Rolf Halden

Arizona

Project Overview

Harnessing the trillion-dollar infrastructure of U.S. wastewater treatment plants, One Water One Health utilizes a technology called wastewater-based epidemiology (WBE) to pinpoint harmful chemicals in communities across America and halt their environmental and human impacts. The team envisions a nationwide wastewater monitoring network that would provide near real-time information on the use of toxic chemicals. By sampling community wastewater, the method adapts existing infrastructure to quickly build an early detection system for environmental stressors. These “pollution observatories” would allow the team to study the behavior of pollutants, identify problematic persisting chemicals, and formulate appropriate interventions. One Water One Health’s tools are particularly useful for underserved communities that suffer from environmental injustice. Depending on the number of treatment plants in a given city, for example, toxic inventories and exposures can be obtained on a neighborhood scale at very low cost—a type of analysis that’s economically impractical using traditional methods. Through their approach, the team has already discovered that two antimicrobial chemicals were overlooked environmental pollutants. (Both substances have since been banned from the U.S. market.) By alerting residents to risky chemicals in their communities in near real-time, One Water One Health can avert catastrophic health crises while equipping citizens with new tools to advance environmental equity.

Five Questions

1What needs does One Water One Health address and how?

The mission of One Water One Health (OWOH) is to provide a proactive approach for measuring environmental threats and human health status at the population level by leveraging chemical indicators and biomarkers detectable in community wastewater and municipal sewage sludge. Similar to providing blood, urine, or feces samples for clinical health analysis, we utilize the composited version of these materials to provide actionable, robust data on environmental quality, sustainability, and human health outcomes related to pollution. Our nonprofit was created to help underserved and economically challenged communities across the United States take control and protect natural resources and community health.

2Tell us about a moment that inspired your idea.

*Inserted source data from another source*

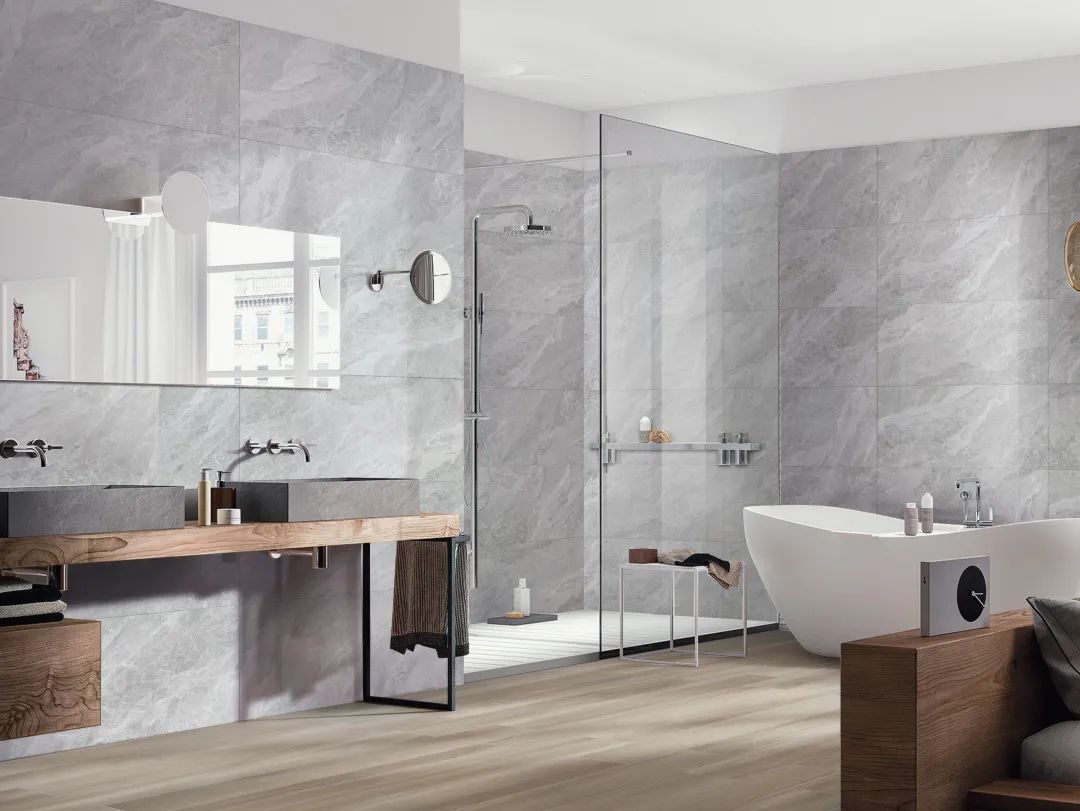“土耳其砂岩”同一系列两款不同灰度的墙砖,清晰地划分着卫生间不同的功能区,营造强烈的空间层次感。"Turkish Sandstone" two wall tiles with different gray levels in the same series clearly divide the different functional areas of the bathroom, creating a strong sense of spatial hierarchy.
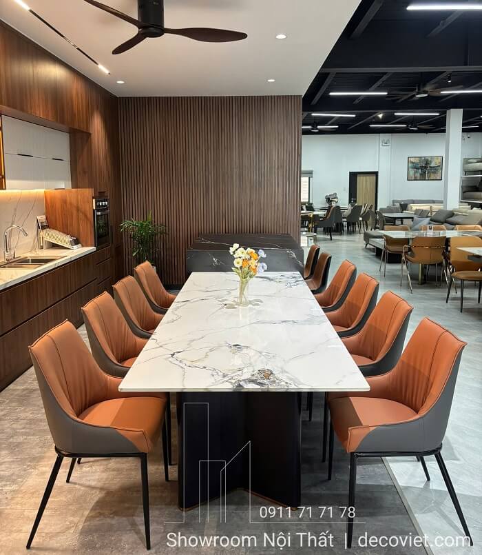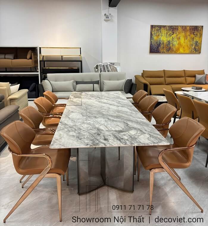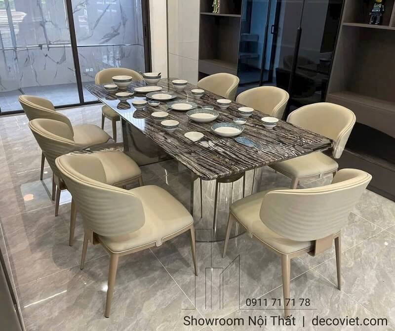 Bộ Bàn Ăn Cao Cấp 8 Ghế 1378S Bàn m, chân sắt mặt đá cao cấp.
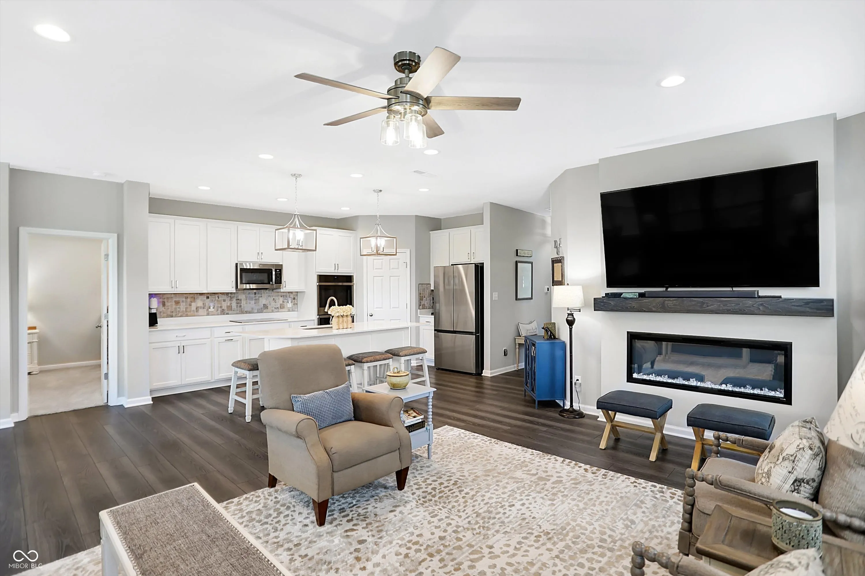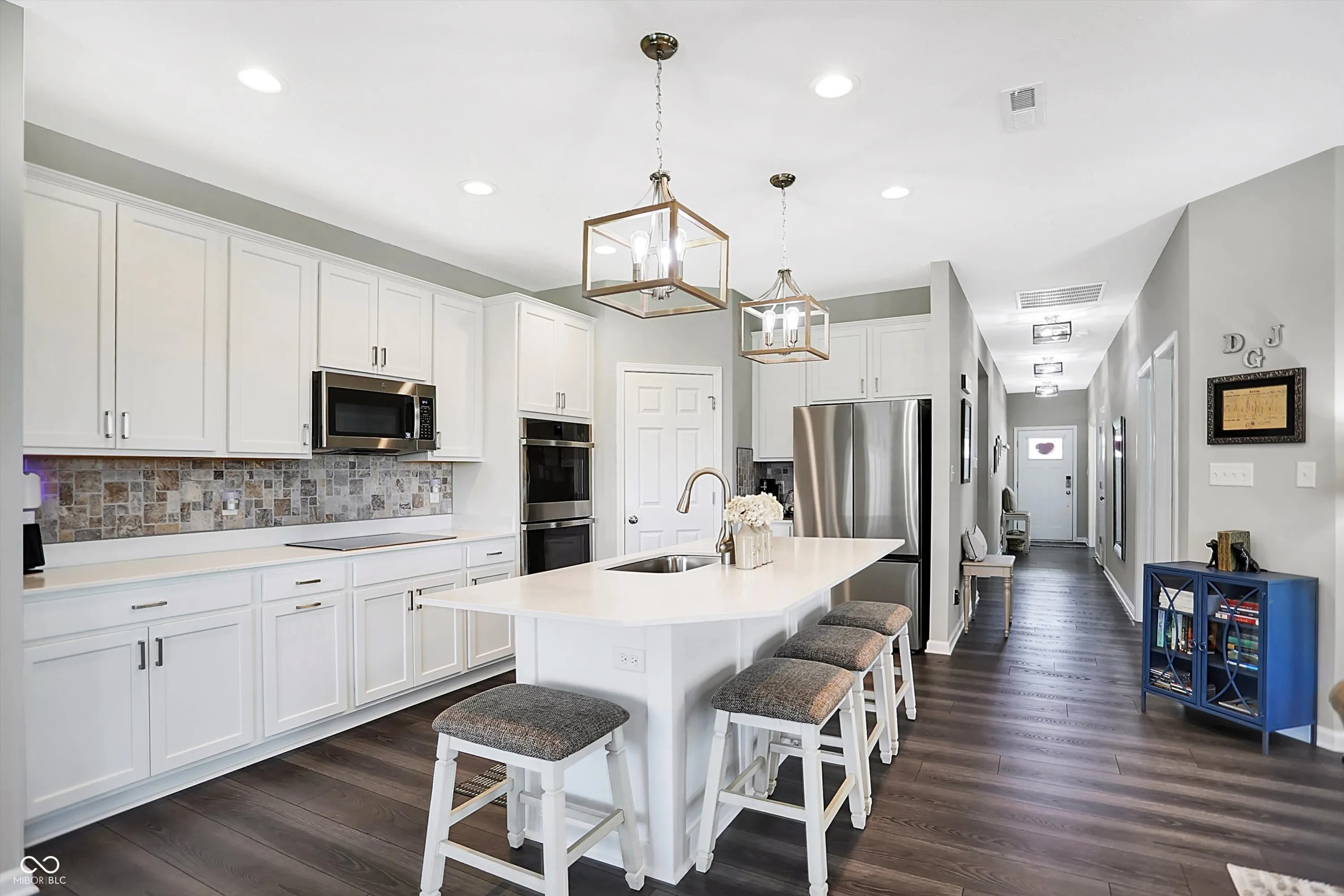 Why buy new when this beauty has ALL the BELLS & WHISTLES? Upgrades galore & tasteful decor are in this meticulously kept, Low Maintenance, 2-bed ranch home w/ office. The sparkling kitchen features double ovens, a 5-burner Profile glass cooktop, quartz countertops, a center island w/ breakfast bar, farm-style sink, & a walk-in pantry. Many upgrades like covered front porch, paver patio, screened-in back porch, window cornices, blinds, extra shelving, ceiling fans, lighting, finished garage w/ ceiling & wall insulation, professional landscaping & buried downspouts are just a few of the features of this home on a quiet cul-de-sac. The main bedroom w/ tray ceiling, fan, & custom ledges has en suite bath featuring double sinks, walk-in shower, grab bars, shelves, & hooks. HOA takes care of the lawn. Convenient to shopping, dining, schools and Interstate access. Hussey-Mayfield branch library & the Main St. Park amenities only a 5-minute walk from home. Truly a move-in-ready paradise!

One Water One Health was conceived from the realization that wastewater can provide a window for observing environmental pollution, unwanted exposures, and adverse human health outcomes in real time. After discovering the antimicrobial triclocarban as a priority environmental pollutant and subsequently achieving a nationwide ban in the U.S., we realized the power that wastewater holds for protecting our natural resources, for avoiding pollution, and for preventing unnecessary human suffering. OWOH operates on the front lines of environmental stewardship by diagnosing hazards in real-time, informing on unwanted exposures, and providing the data needed for stopping the production and release of harmful agents into the environment.

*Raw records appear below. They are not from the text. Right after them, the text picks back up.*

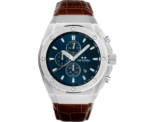 Kvarts Mees Käekell TW Steel TWCE4107, Roostevaba teras korpusega, läbimõõduga 44 mm, Safiiri töötlusega mineraal klaasist, Sinine sihverplaadi ja Pruun Nahk rihm.
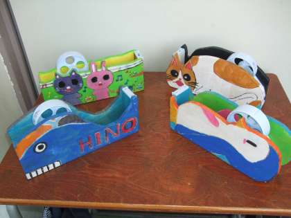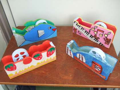 テープカッターが仕上がりました。ていねいに板を動かして複雑な切り込みが入っています。側面の彫りもきれいです。苦労して作ったテープカッターなので、使っていても楽しいだろうと思います。
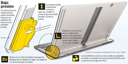 "La bisagra es la clave para hacer que funcione", dice Jeff Barney, subdirector de computadoras personales de Toshiba. Una mala bisagra, añade, "es el talón de Aquiles de una computadora portátil".
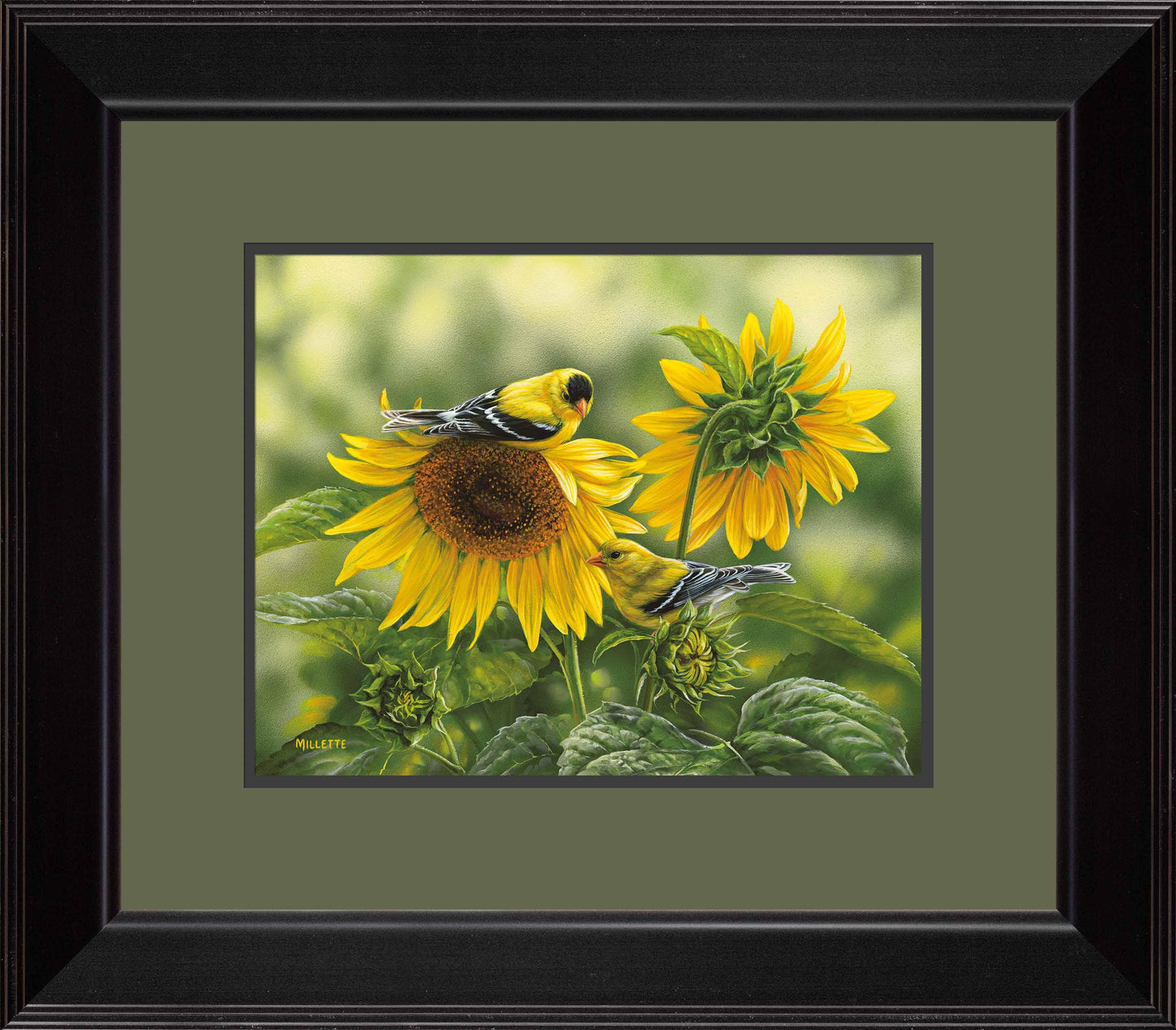 Signature edition art print made from the original acrylic painting. Image size, 11" x 14". Framed size 22" x 25" with a 2-1/2" black moulding. Double matting with dill outer mat. Published exclusively by Wild Wings.
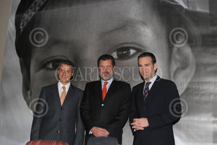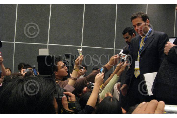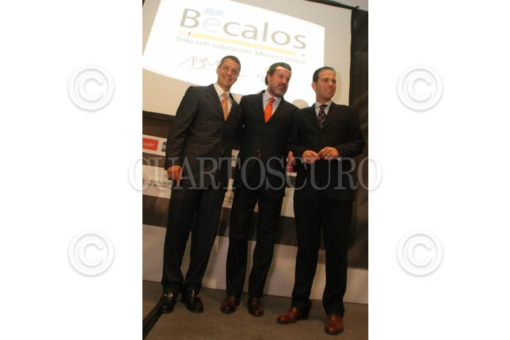 MÉXICO D.F. 27JUNIO2006.- Carlos X González, de fundación televisa, Marcos Martínez, presidente de la Asociación de Bancos de México y el periodista, Carlos Loret de Mola, realizaron la presentación del programa Becalos que dara apoyo a maestros y alumnos de escasos recursos para que continuen sus estudios. FOTO: Miguel Areyano/CUARTOSCURO.COM

3What is the biggest challenge you face?

The biggest challenge to accomplishing the mission of OWOH is the degree to which unsustainable chemicals and products already have permeated the marketplace, our environment, and our bodies. We now need to move quickly and decisively to counteract harm done in the past and to avoid pollution-derived problems in the future, from water pollution to climate change. We aim to bring new tools in real-time diagnostics for environmental quality assessment to the marketplace and to communities-at-risk, but environmental hazards are many, unsustainable manufacturing practices are common, and time is running short.

4What other leaders have informed your work?

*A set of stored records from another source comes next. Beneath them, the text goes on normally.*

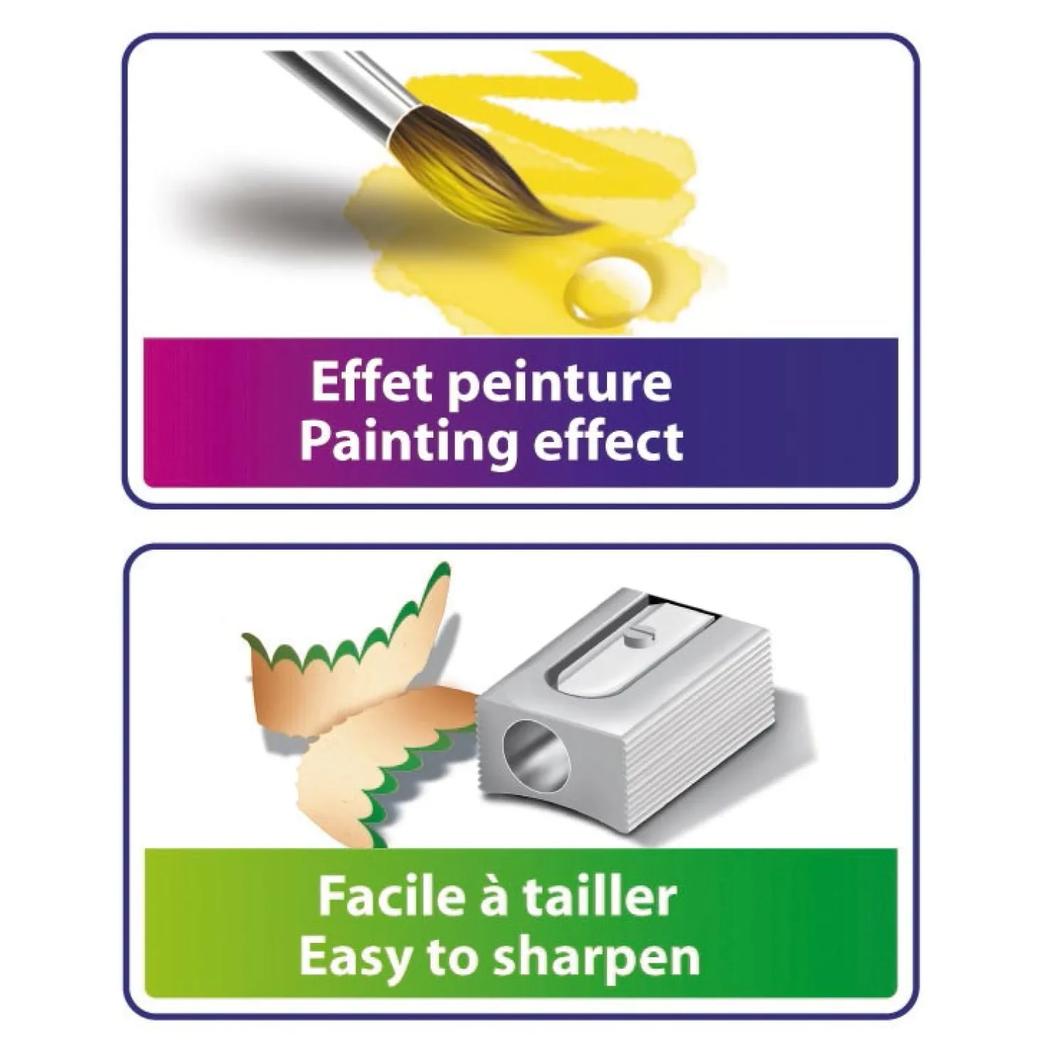 Etui met 12 BIC aquarelpotloden. Dit potlood kan dubbel gebruikt worden: als klassiek potlood of als aquarelpotlood door het potlood in water te dompelen of door de tekening te bewerken met een nat penseel. Hierdoor kan het effect verkregen worden van een aquarelschilderij.
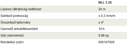 A mindentudó MLL 3-20 készülék a beltéri kiépítéseknél nyújthat nagy segítséget 360°-os vízszintes vonal megjelöléshez, beigazításhoz és szintezéshez. A kézi finombeállításnak köszönhetően a függőleges vonalakat pontosan el lehet helyezni.
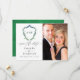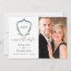Tarjetas de aviso de boda con monograma de cresta frondosa con tipografía de escritura a mano elegante personalizable con las iniciales de la pareja.
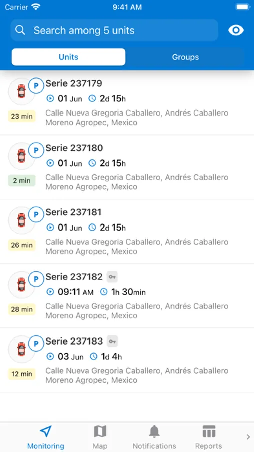 - Units list management. Get all the necessary information on movement and ignition state, data actuality, and unit location in real time.
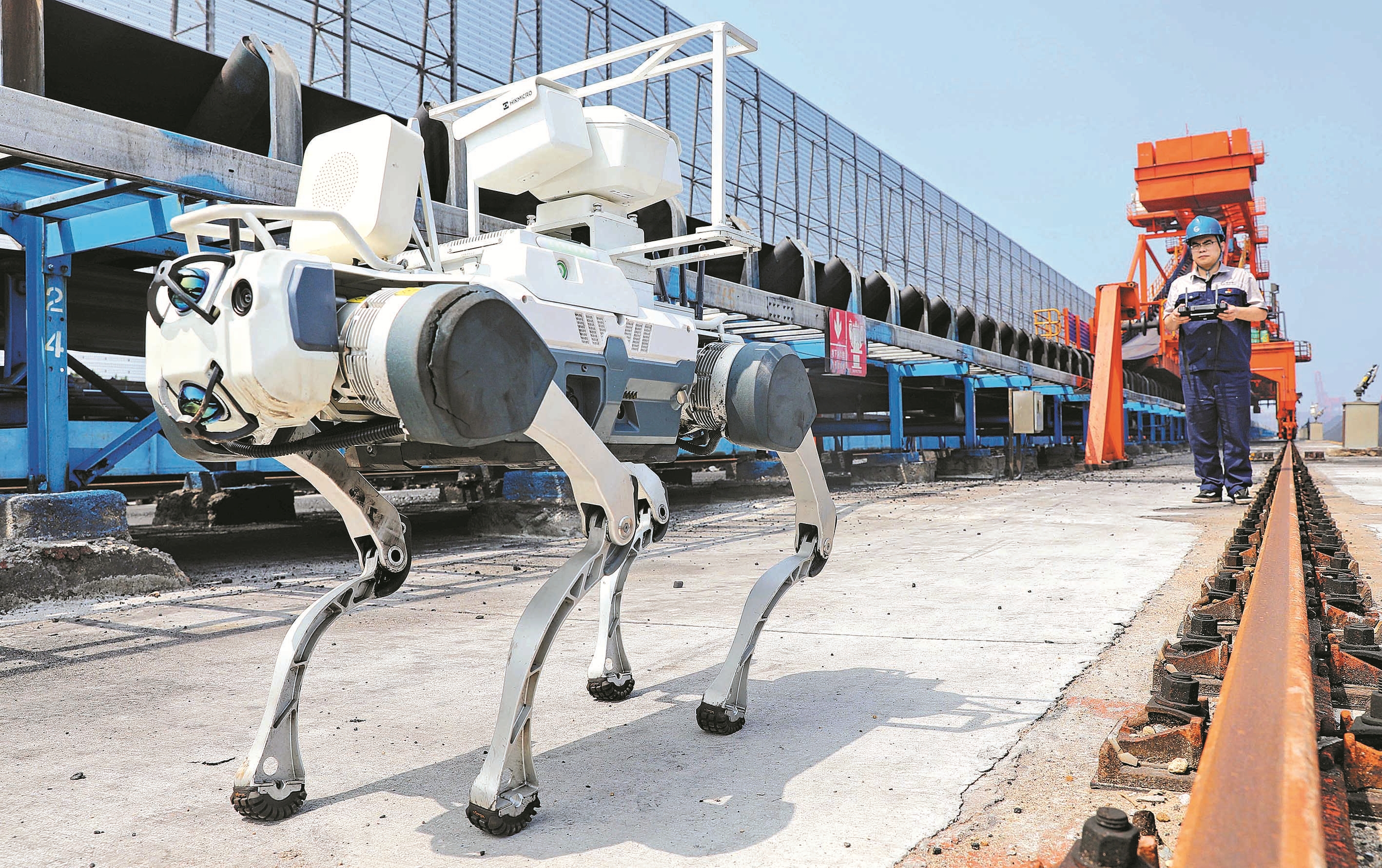 7月23日,在秦港股份九公司貨運(yùn)現(xiàn)場,一只機(jī)器狗正邁著矯健的步伐穿梭在煤炭堆場,進(jìn)行皮帶機(jī)巡檢。

We are inspired by the sweeping changes we have observed at our nonprofit’s birthplace, Arizona State University, and in our home city of Tempe, where an educational enterprise has demonstrated that access to, and excellence in, education are not mutually exclusive, and where city leaders have bravely harnessed wastewater-based epidemiology to give city dwellers real-time information on substance use and misuse by way of a real-time public health dashboard. This has inspired us to take on even bigger nationwide problems, including putting an end to the mass production of unsustainable plastics and persistent organohalogens that are embedded in most consumer products today.

5Describe someone who highlights what your project is all about.

The average citizen, you and me! We all are at risk from environmental threats, but we are mostly uninformed about hazards in our immediate living environment and we often feel helpless. OWOH aims to change that. Everyone’s problems are the problems we seek to solve. And a lack of information and transparency should not serve as an enabling basis for ongoing environmental pollution and human suffering. So many people needlessly live in a degraded environment and suffer from diseases of environmental origins, from allergies to behavioral disorders to reproductive health issues and cancer. These everyday people are who we rise for every morning.